What to work on » Of the material below, the lines to be retyped are those from the line containing "バッグは悩みましたが、茶系のピーカーブー風を。" through the line containing "La sala contigua", inclusive; reproduce them exactly.

(Material provided Opens)

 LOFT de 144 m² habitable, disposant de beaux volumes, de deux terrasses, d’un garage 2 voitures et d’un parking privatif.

(Material provided Closes)
(Material provided Opens)

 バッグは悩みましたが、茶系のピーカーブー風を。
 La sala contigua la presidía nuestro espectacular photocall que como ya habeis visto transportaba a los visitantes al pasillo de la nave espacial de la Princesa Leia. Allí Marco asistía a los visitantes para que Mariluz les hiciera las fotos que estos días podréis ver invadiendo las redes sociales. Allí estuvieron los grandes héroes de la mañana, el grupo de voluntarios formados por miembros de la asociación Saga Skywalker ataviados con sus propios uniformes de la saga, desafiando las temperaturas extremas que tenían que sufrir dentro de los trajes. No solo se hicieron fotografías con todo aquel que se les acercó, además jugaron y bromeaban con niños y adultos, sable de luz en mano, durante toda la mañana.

(Material provided Closes)

Answer space »
 バッグは悩みましたが、茶系のピーカーブー風を。
 La sala contigua la presidía nuestro espectacular photocall que como ya habeis visto transportaba a los visitantes al pasillo de la nave espacial de la Princesa Leia. Allí Marco asistía a los visitantes para que Mariluz les hiciera las fotos que estos días podréis ver invadiendo las redes sociales. Allí estuvieron los grandes héroes de la mañana, el grupo de voluntarios formados por miembros de la asociación Saga Skywalker ataviados con sus propios uniformes de la saga, desafiando las temperaturas extremas que tenían que sufrir dentro de los trajes. No solo se hicieron fotografías con todo aquel que se les acercó, además jugaron y bromeaban con niños y adultos, sable de luz en mano, durante toda la mañana.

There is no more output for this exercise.